I got a cool bug report on a project of mine that uses the csv crate: rojo-rbx/rojo#145

I deserialize files into a Vec of a struct with a shape like this:

#[derive(Debug, Deserialize)]
struct SomethingEntry {
    name: String,

    #[serde(flatten)]
    values: HashMap<String, String>,
}

The actual structure uses #[serde(flatten)] to capture extra columns since it's used in a localization format for a game engine.

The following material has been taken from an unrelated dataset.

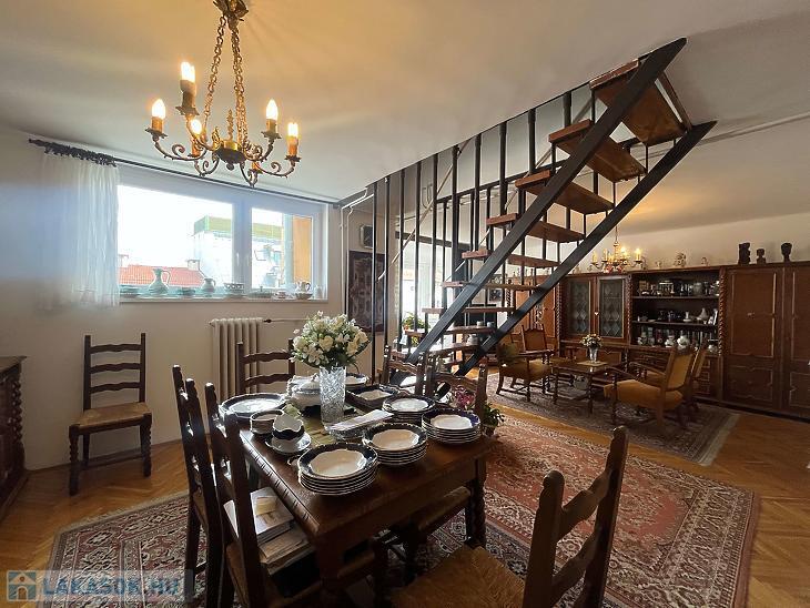 Eladó egy 88nm-es, belső két szintes jó elosztású 4 emeletes tégla építésű társasház 4. emeletén lévő1+2 félszobás lakás.

What version of the csv crate are you using?

1.0.5

Briefly describe the question, bug or feature request.

Deserializing a field that uses #[serde(flatten)] on a HashMap<String, String> fails if the value in a record looks like a number.

Include a complete program demonstrating a problem.

Playground: https://play.rust-lang.org/?version=stable&mode=debug&edition=2018&gist=8d7a007589ba375a79a55b1d825ffdb5

extern crate csv; // 1.0.5
extern crate serde_derive; // 1.0.88
extern crate serde; // 1.0.88

use std::collections::HashMap;
use serde_derive::Deserialize;

#[derive(Debug, Deserialize)]
struct SomethingEntry {
    name: String,
    
    #[serde(flatten)]
    values: HashMap<String, String>,
}

fn main() {
    let source = r#"name,stat
name,Benjamin
maxHealth,300"#;

    let mut rdr = csv::Reader::from_reader(source.as_bytes());
    let records: Vec<SomethingEntry> = rdr.deserialize()
        .map(Result::unwrap)
        .collect();
    
    println!("{:?}", records);
}

What is the observed behavior of the code above?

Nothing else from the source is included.